*Work order*
Begin at the line that has "客観的な視点をもたせるために", stop after the line that has "De 2 badeværelser", and print exactly those lines from the records below, without any pictures.

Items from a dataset
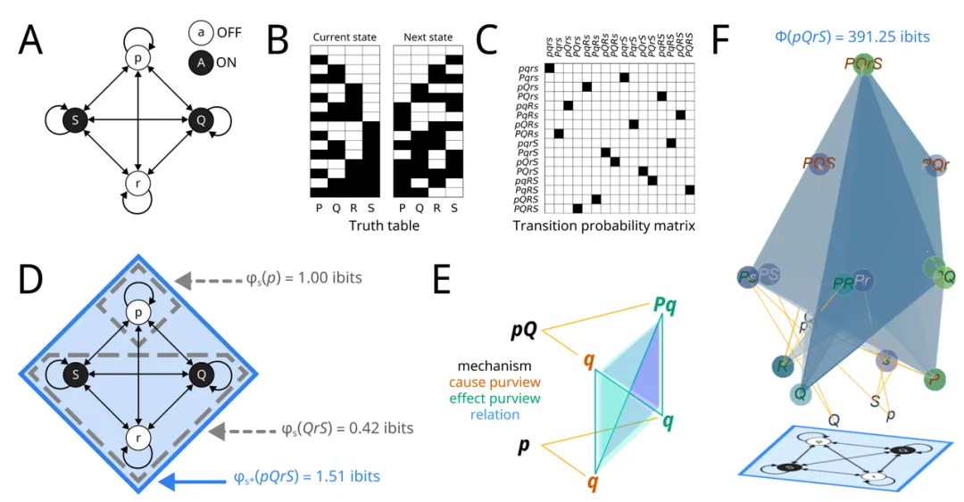 图1. (A) PQRS是由四个具有二进制状态的单元全连接组成的系统,每个单元以离散的时间间隔同步更新,且每个节点都存在自环。这里展示了系统状态为0101,也可以写成pQrS. (B)运行在系统A上的动力学;(C)与动力学对应的概率转移矩阵TPM;(D)IIT应用后得到phi值1.51(最不可约的复合体)(E)和(F)是pQrS未折叠的13个区分体(distinction)的因果关系
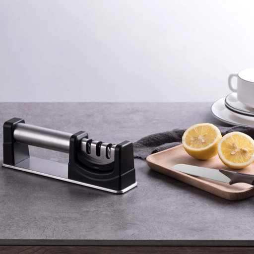W celu łatwiejszego użycia posiada wygodny uchwyt. Jedną ręką się o niego opieramy a drugą prowadzimy nóż przez ostrza.
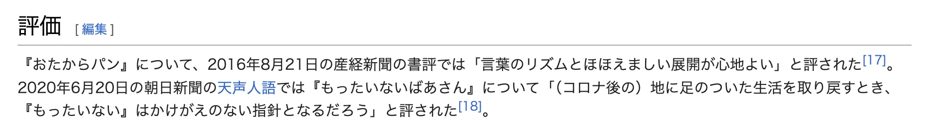 客観的な視点をもたせるために、だれがどういった場所で真珠まりこさん、あるいは彼女の作品を評価しているかという情報を追記。
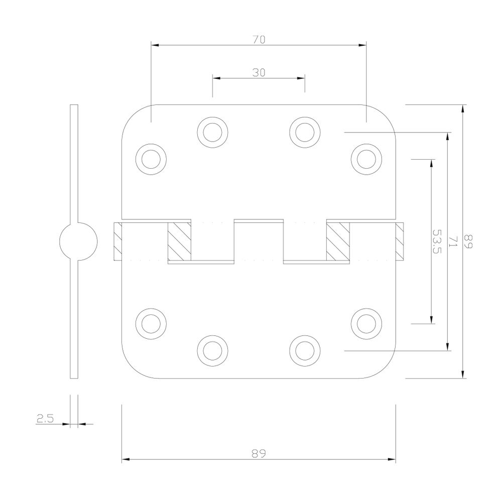 Kogelscharnier afgerond 89x89x2,5mm mat zwart PVD gecoat
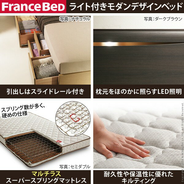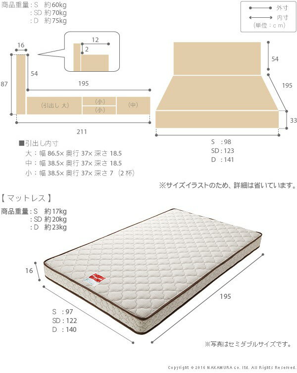 ●メーカー2年保証 【セット構成】ベッドx1・マットレスx1 【カラー】ダークブラウン・ミディアムブラウン・ナチュラル 【仕様】 ■ベッド 本体:プリント紙化粧合板 床板:布張り 引出し:スライドレール コンセント:1口1500W コード長さ:約1.7m 照明:LED0.2W ◎組立品 ■マットレス 張地:ポリエステル64%、綿27%、レーヨン9% 中身:ウレタンフォーム、パームパッド、ポリエステル綿、防虫不織布 コイル:マルチラススーパースプリング 【サイズ】 ■ベッド 外寸:幅98x奥行211x高さ87cm/約60kg 床面高さ:33cm 床面サイズ:幅98x奥行195cm 宮奥行:16cm 宮上有効サイズ:幅97.5x奥行12cm 引出内寸(大):幅86.5x奥行37x高さ18.5cm 引出内寸(中):幅38.5x奥行37x高さ18.5cm 引出内寸(小):幅38.5x奥行37x高さ7cm(x2杯) ■マットレス 外寸:幅97x奥行195x高さ16cm/約17kg 株式会社ナカムラ(I-4700329)
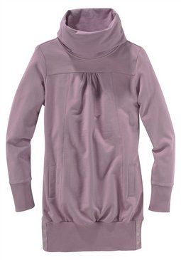 Женская удлиненная кофта с воротником-гольф. Сбоку карман, широкий низ на кнопках. Длина ок. 82 см. Подчеркивающий фигуру покрой.
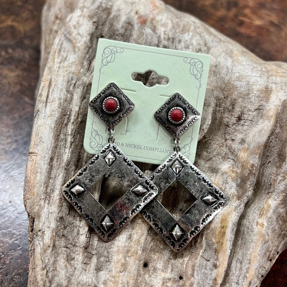 Silver Diamond Western Dangle Earrings Red
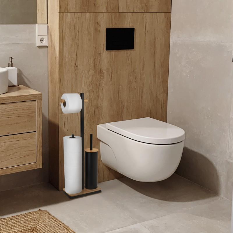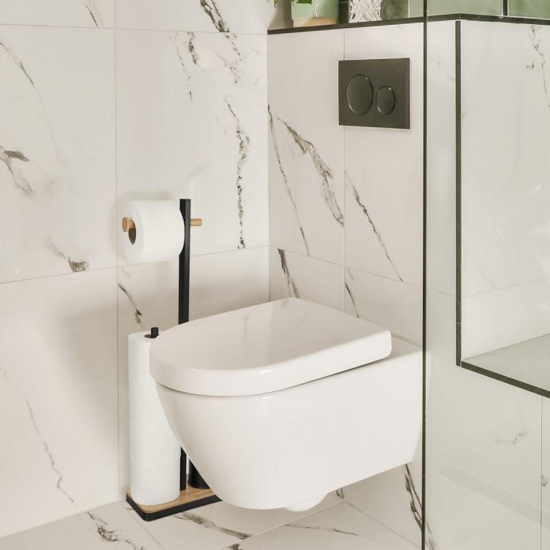 Elegancki stojak na zapasowy papier toaletowy wraz ze szczotką WC oraz z uchwytem na dodatkową rolkę.
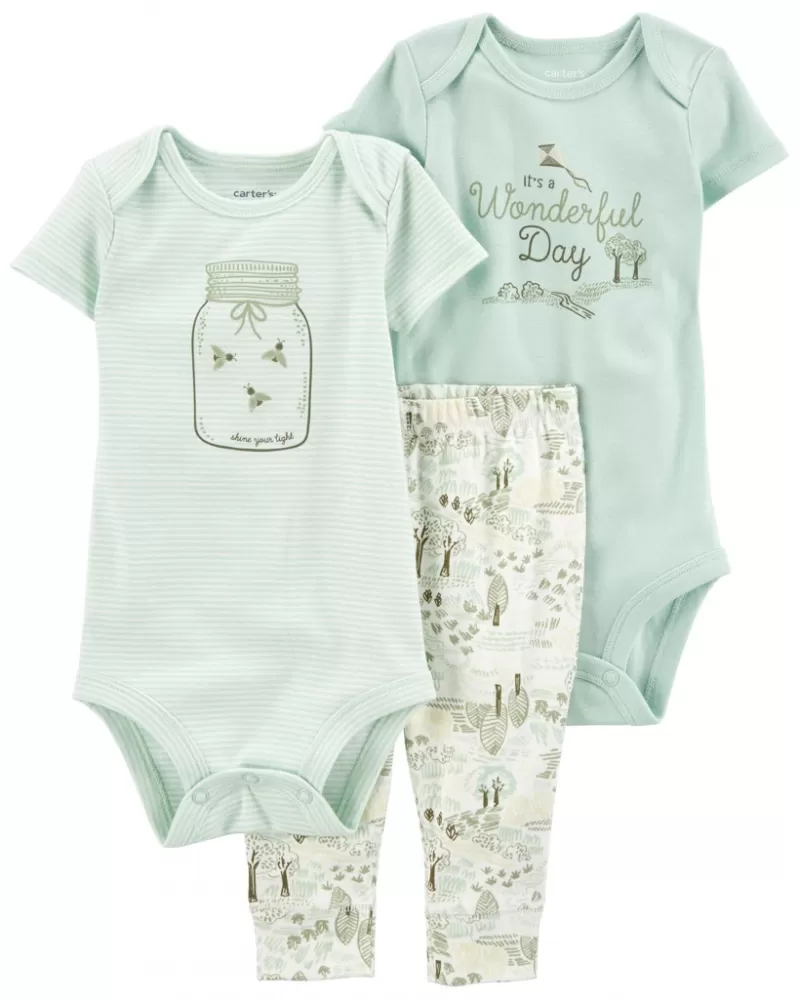Všechny modely značky Carter's jsou vyrobeny ze super měkké bavlny a spoustou lásky. Set 3.dílný je velmi vhodný i do výbavičky děťátka. Nemusíte přemýšlet nad kombinací. Jednoduše stačí jen obléct. Všechny výrobky jsou navrženy tak, aby byly velmi pohodlné pro nošení a v trendy barvách. Sety jsou velmi oblíbené u maminek. Vlastnosti: - 3 kusy v setu - oblékání děťátka je jednodušší - příjemně měkký materiál - komfortní pro nošení - vhodné pro teplé dny - dodáváno na ramínku Materiálové složení: 100% bavlna Údržba: Doporučujeme dodržovat prací symboly uvedené na etiketě výrobku. Pro praní doporučujeme použít prací prostředky značky Chicco. Najdete na našem eshopu.
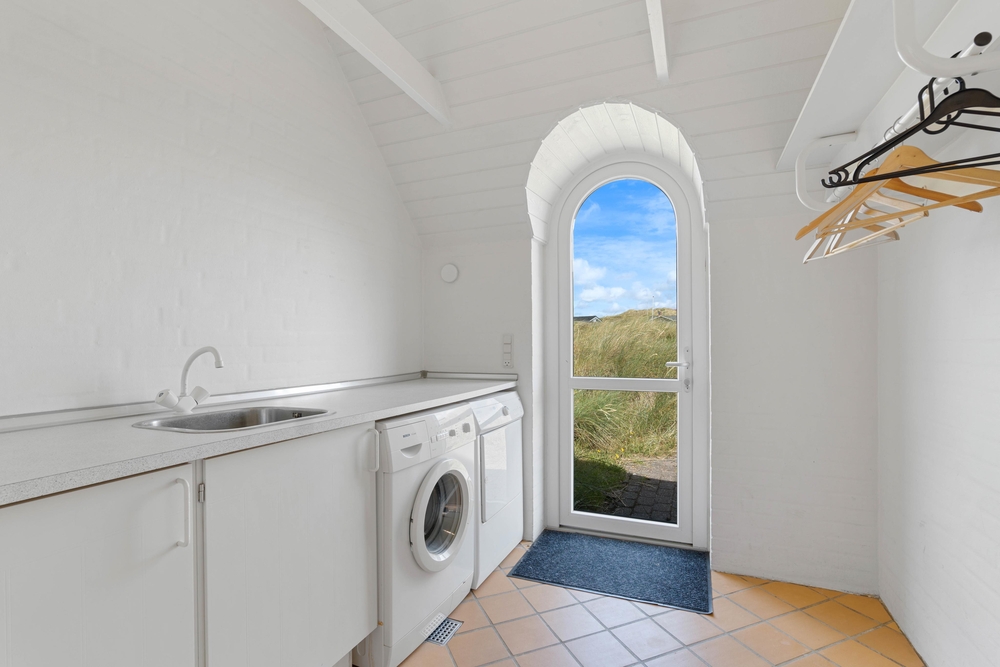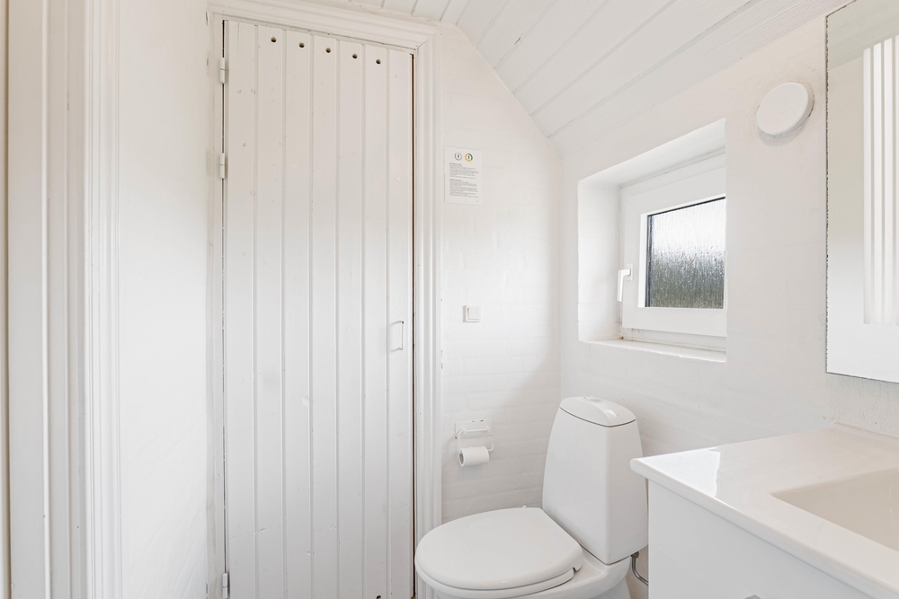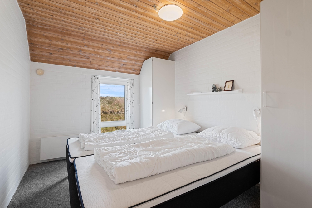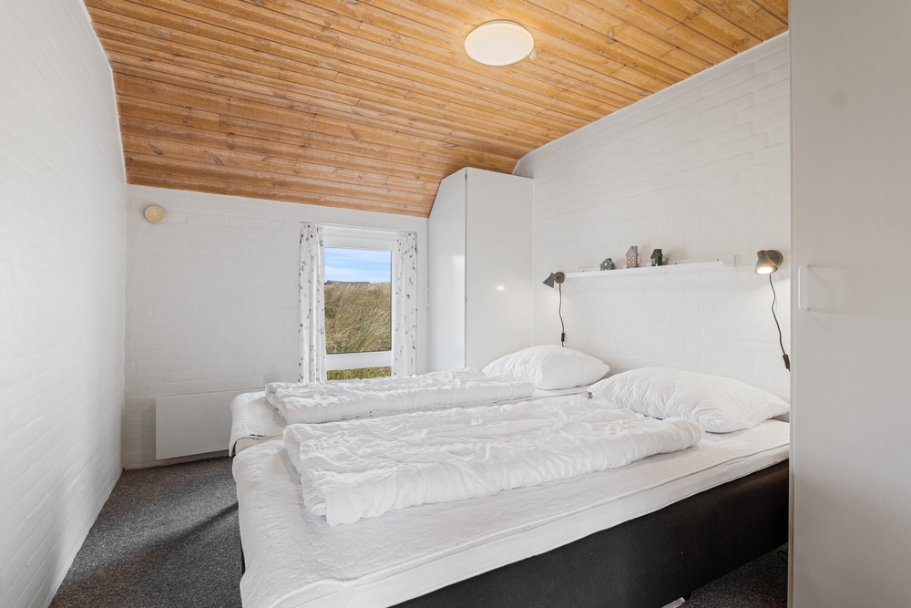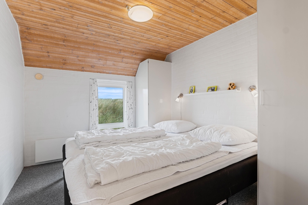 De 2 badeværelser med gulvvarme bidrager til at forhindre trafikpropper om morgenen. Her kan du også vaske og tørre tøj. 4 soveværelser med komfortable dobbeltsenge og hems med 2 ekstra senge sikrer en god nats søvn i den friske luft efter en spændende dag på Vestkysten.
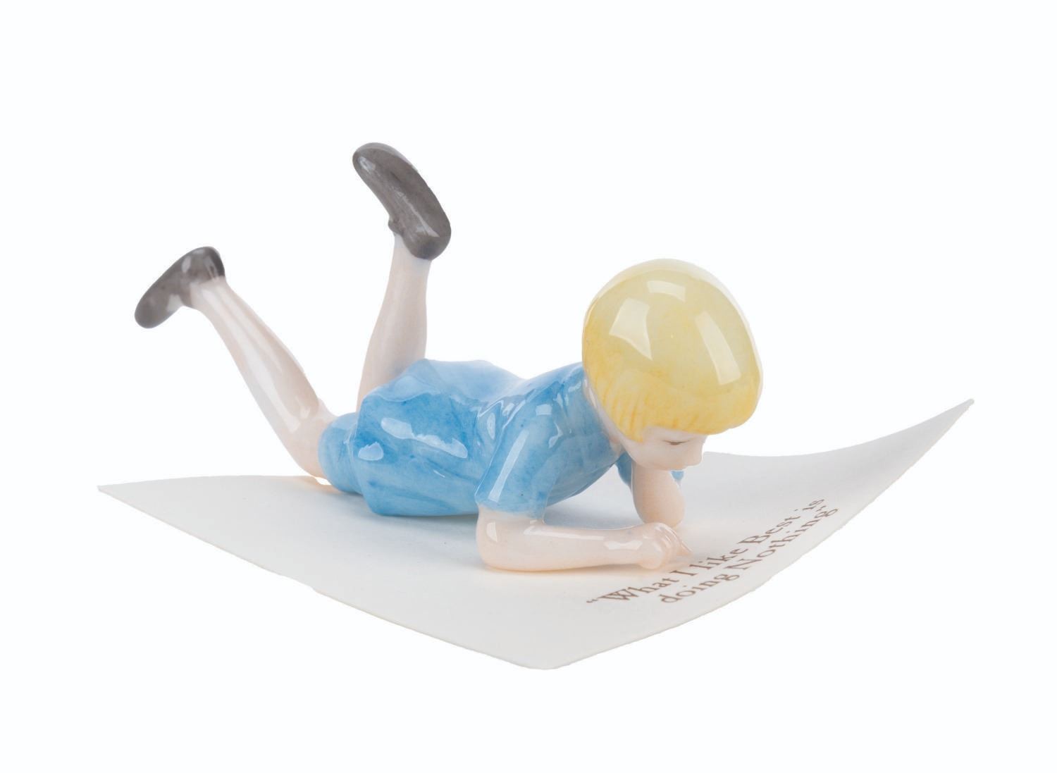 (Michel and Co., 1990s) A mini ceramic figurine of Christopher Robin, inspired by the original illustrations for the Winnie the Pooh books by E. H. Shepard. The figure is attached to a card with a quote that reads, "What I like Best is doing Nothing." Measuring 2.5" x 0.75" x 1" tall, the figurine is in fine condition.

*Exercise output*
 客観的な視点をもたせるために、だれがどういった場所で真珠まりこさん、あるいは彼女の作品を評価しているかという情報を追記。
 Kogelscharnier afgerond 89x89x2,5mm mat zwart PVD gecoat
 ●メーカー2年保証 【セット構成】ベッドx1・マットレスx1 【カラー】ダークブラウン・ミディアムブラウン・ナチュラル 【仕様】 ■ベッド 本体:プリント紙化粧合板 床板:布張り 引出し:スライドレール コンセント:1口1500W コード長さ:約1.7m 照明:LED0.2W ◎組立品 ■マットレス 張地:ポリエステル64%、綿27%、レーヨン9% 中身:ウレタンフォーム、パームパッド、ポリエステル綿、防虫不織布 コイル:マルチラススーパースプリング 【サイズ】 ■ベッド 外寸:幅98x奥行211x高さ87cm/約60kg 床面高さ:33cm 床面サイズ:幅98x奥行195cm 宮奥行:16cm 宮上有効サイズ:幅97.5x奥行12cm 引出内寸(大):幅86.5x奥行37x高さ18.5cm 引出内寸(中):幅38.5x奥行37x高さ18.5cm 引出内寸(小):幅38.5x奥行37x高さ7cm(x2杯) ■マットレス 外寸:幅97x奥行195x高さ16cm/約17kg 株式会社ナカムラ(I-4700329)
 Женская удлиненная кофта с воротником-гольф. Сбоку карман, широкий низ на кнопках. Длина ок. 82 см. Подчеркивающий фигуру покрой.
 Silver Diamond Western Dangle Earrings Red
 Elegancki stojak na zapasowy papier toaletowy wraz ze szczotką WC oraz z uchwytem na dodatkową rolkę.
Všechny modely značky Carter's jsou vyrobeny ze super měkké bavlny a spoustou lásky. Set 3.dílný je velmi vhodný i do výbavičky děťátka. Nemusíte přemýšlet nad kombinací. Jednoduše stačí jen obléct. Všechny výrobky jsou navrženy tak, aby byly velmi pohodlné pro nošení a v trendy barvách. Sety jsou velmi oblíbené u maminek. Vlastnosti: - 3 kusy v setu - oblékání děťátka je jednodušší - příjemně měkký materiál - komfortní pro nošení - vhodné pro teplé dny - dodáváno na ramínku Materiálové složení: 100% bavlna Údržba: Doporučujeme dodržovat prací symboly uvedené na etiketě výrobku. Pro praní doporučujeme použít prací prostředky značky Chicco. Najdete na našem eshopu.
 De 2 badeværelser med gulvvarme bidrager til at forhindre trafikpropper om morgenen. Her kan du også vaske og tørre tøj. 4 soveværelser med komfortable dobbeltsenge og hems med 2 ekstra senge sikrer en god nats søvn i den friske luft efter en spændende dag på Vestkysten.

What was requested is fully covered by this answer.